Posted by: Appreciative Reader | October 26, 2024 at 07:27 AM
@ AR ... being a huge fan sci.
Now and then this man appears in talkshows on TV:
https://www.universiteitleiden.nl/en/staffmembers/vincent-icke#tab-2
when there are new dscientific discoveries to be explained to the public ... mostly related to astronomy, cosmology etc
He is also an artist and is involved inmaking visual expressions of these discoveries.
The most of what he says, is after two sentences beyond my understanding ... probaly due to the wrong brand of coffee ... but as I love to observe humans, I keep listening. In the meantime my "gazing" starts to ask me to focus on what i love to call " available billateral" infornation.
It is clear for everybody to witness how much the man loves science, is well versed in it and has that drive to share his knowledge and joy, with others.
The longer he talks, and the more he seems to enter a state of rapture, the uneasiness of the other guest grows and becomes visible ... the man is all alone and has lost all the mental contact with others. ...at that moment he is just a MYSTIC ... hahahaha
Posted by: um | October 26, 2024 at 08:03 AM
@ AR
Read how this scientific mystic explains why there is nothing but science
Use the online translator as the interview is in Dutch
https://www.freethinker.nl/artikelen/god-bestaat-niet-deel-5-interview-met-astrofysicus-vincent-icke
Posted by: um | October 26, 2024 at 08:30 AM
Hey, um. *waves*
Enjoyed reading Icke's interview.
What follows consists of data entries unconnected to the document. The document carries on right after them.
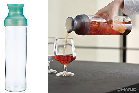 ボトルに茶葉と水を入れるだけ、カラフェ型の水出し茶ボトル。注ぎ口とメッシュフィルターはシリコーンゴム製の一体型で、また、パーツ全て食器洗い乾燥機OKのためお手入れが簡単です。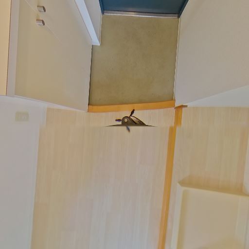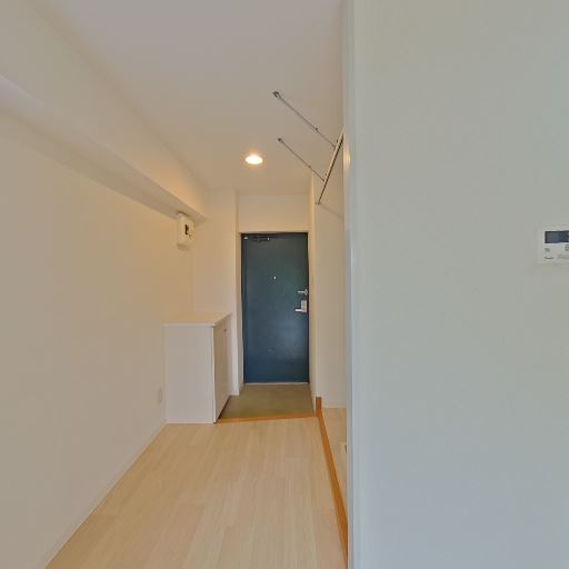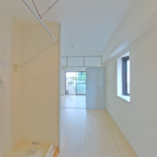 • 室内洗濯機置き場(確度83%):浴室横の凹みに洗濯機パンがあり、上部に物干しバーのような金具も見える。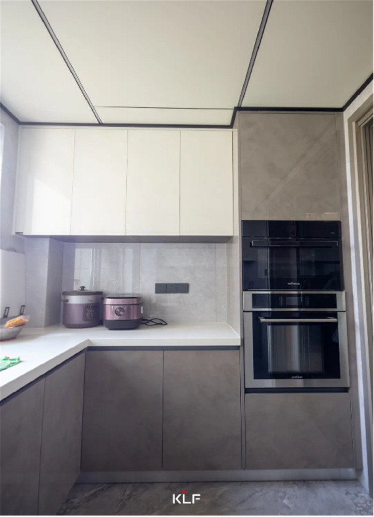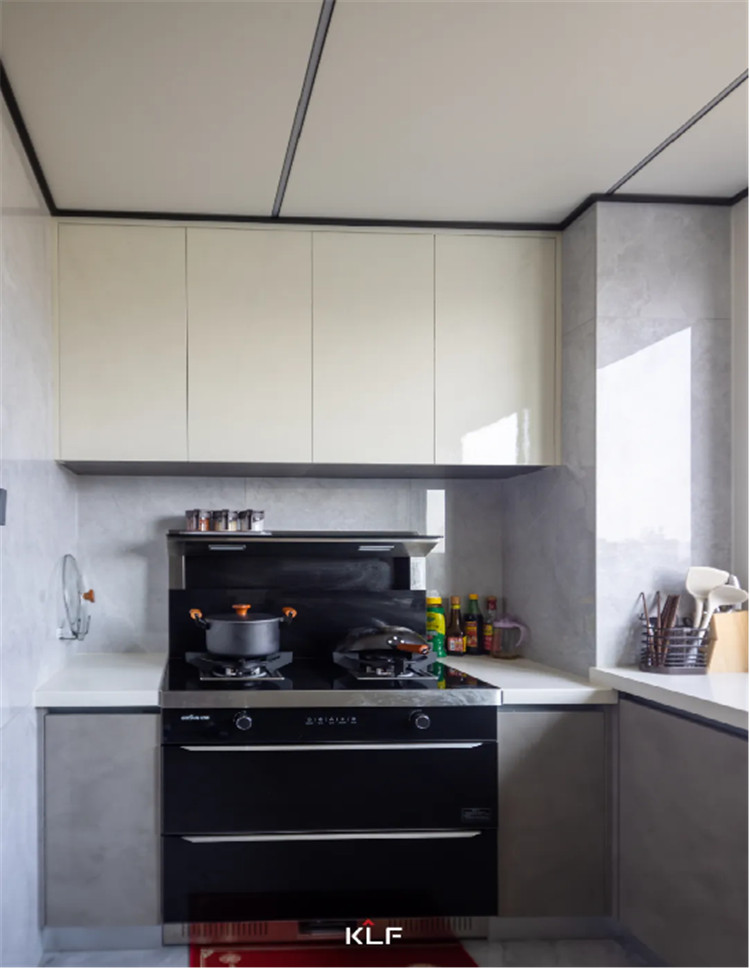 U型结构的厨房设计更注重物品的收纳,这种常规的吊柜+地柜的多重储物空间,正是能促成有序整洁的环境。吊柜采用伊丽莎白,亮面材质也很容易清洁。
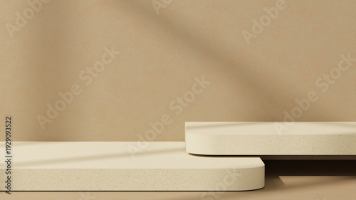 Studio setup 3D render featuring layered beige podium forms against a warm neutral backdrop. Designed as a commercial product mockup scene with clean negative space for branding headlines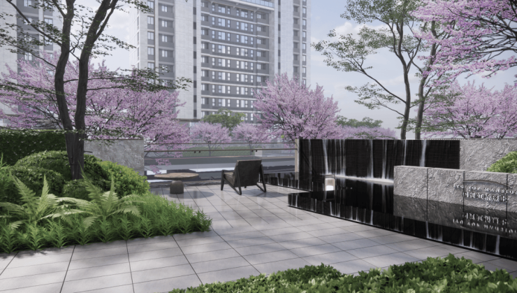 社区内部拥有两条天然Y型水系,国贸因地制宜,落地海洋美学的“海上森屿”概念,打造约19万方未来岛屿社区。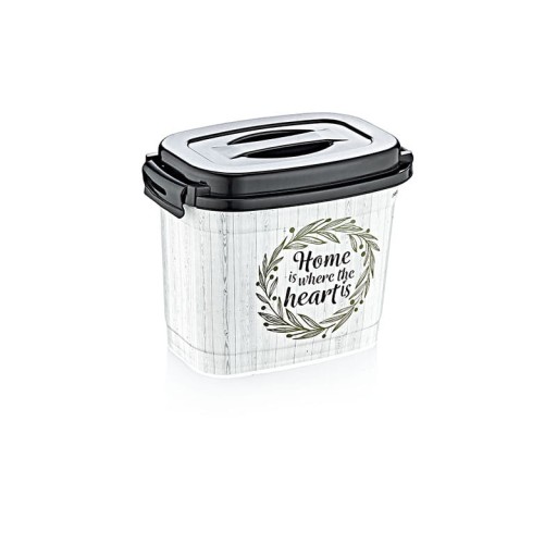 Praktyczny pojemnik na detergenty Home z nowoczesną dekoracją białych drewnianych desek z czarną pokrywą, będzie idealnie pasować do każdego rodzaju pomieszczenia. Pojemnik przeznaczony jest do przechowywania proszku do prania, kapsułek do zmywarki, wybielaczy, udrażniaczy, takich jak produkty o właściwościach żrących. Sprawdzi się także jako pojemnik na drobiazgi, kosmetyki, grzebienie, kredki lub pojemnik na artykuły biurowe. Wyposażony w pokrywę zamykaną na dwa zatrzaski oraz wygodny uchwyt znajdujący się na pokrywie. Wykonany z wysokiej jakości tworzywa sztucznego, łatwy w oczyszczaniu i przenoszeniu, odporny na uszkodzenia. Produkt nie nadaje się do przechowywania produktów spożywczych.

I love how clear are his thoughts, and how lucidly he expresses himself. Thanks for the link!
Hadn't heard of the man, as far as I can remember. Or indeed of that Freethinker website either. I've bookmarked the page, with the intent to check out the contents of it a bit more.
...Yep, there are quite a few great sci fi writers who are bona fide scientists as well. There's many sub-genres within sci fi, and each of them can be wonderful in their own way; but the so-called "hard sci fi" does add somewhat both to the verisimilitude of the stories they tell, and to the interest with which one reads the incidental details they put in in their world-building.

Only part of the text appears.